### DIRECTIONS
Retype every line from the start of the data down to and including the line with "As part of the". Skip the pictures.

### THE DATA
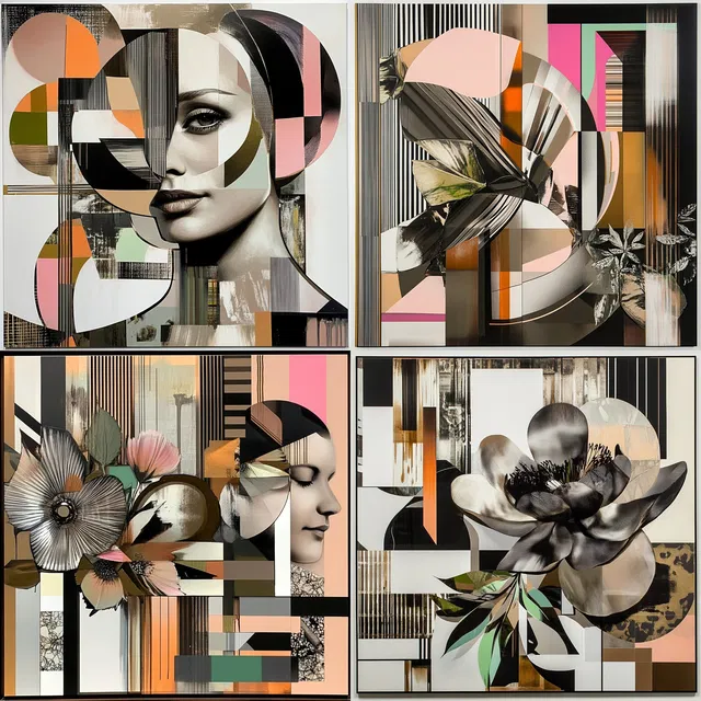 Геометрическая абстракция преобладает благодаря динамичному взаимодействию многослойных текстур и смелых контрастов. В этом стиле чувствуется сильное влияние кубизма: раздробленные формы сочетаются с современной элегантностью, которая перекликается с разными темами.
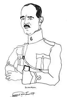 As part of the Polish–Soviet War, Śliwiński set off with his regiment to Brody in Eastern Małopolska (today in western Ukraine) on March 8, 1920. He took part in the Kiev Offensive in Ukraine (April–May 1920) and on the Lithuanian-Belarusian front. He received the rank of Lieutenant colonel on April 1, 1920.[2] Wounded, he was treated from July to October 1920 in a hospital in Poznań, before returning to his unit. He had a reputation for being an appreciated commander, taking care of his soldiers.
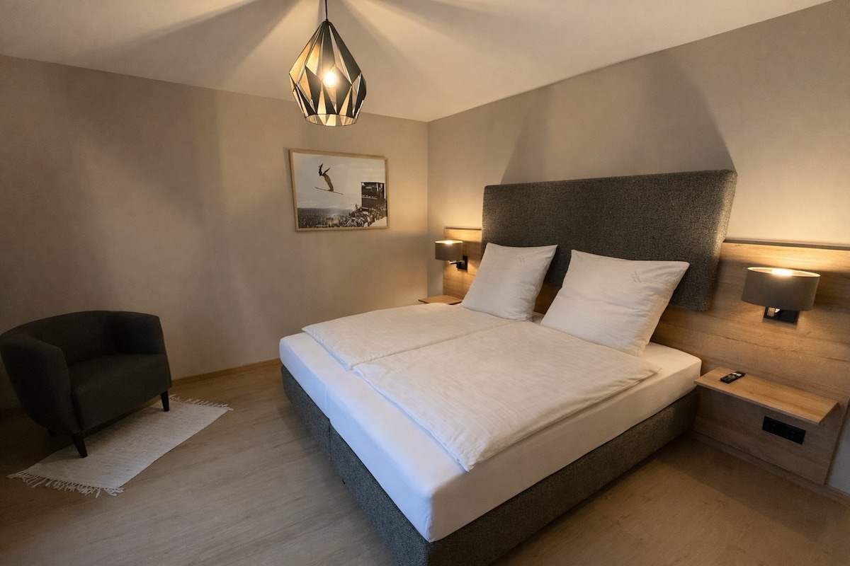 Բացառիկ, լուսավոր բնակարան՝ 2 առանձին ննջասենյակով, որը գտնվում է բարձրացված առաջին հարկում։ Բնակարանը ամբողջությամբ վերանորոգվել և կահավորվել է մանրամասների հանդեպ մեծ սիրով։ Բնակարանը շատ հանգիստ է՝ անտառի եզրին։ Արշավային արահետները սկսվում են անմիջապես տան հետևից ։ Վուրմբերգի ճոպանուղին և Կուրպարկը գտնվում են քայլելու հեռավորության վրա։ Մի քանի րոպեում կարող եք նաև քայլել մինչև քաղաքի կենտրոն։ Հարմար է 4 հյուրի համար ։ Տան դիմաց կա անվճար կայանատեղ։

### WRITTEN RESPONSE
 Геометрическая абстракция преобладает благодаря динамичному взаимодействию многослойных текстур и смелых контрастов. В этом стиле чувствуется сильное влияние кубизма: раздробленные формы сочетаются с современной элегантностью, которая перекликается с разными темами.
 As part of the Polish–Soviet War, Śliwiński set off with his regiment to Brody in Eastern Małopolska (today in western Ukraine) on March 8, 1920. He took part in the Kiev Offensive in Ukraine (April–May 1920) and on the Lithuanian-Belarusian front. He received the rank of Lieutenant colonel on April 1, 1920.[2] Wounded, he was treated from July to October 1920 in a hospital in Poznań, before returning to his unit. He had a reputation for being an appreciated commander, taking care of his soldiers.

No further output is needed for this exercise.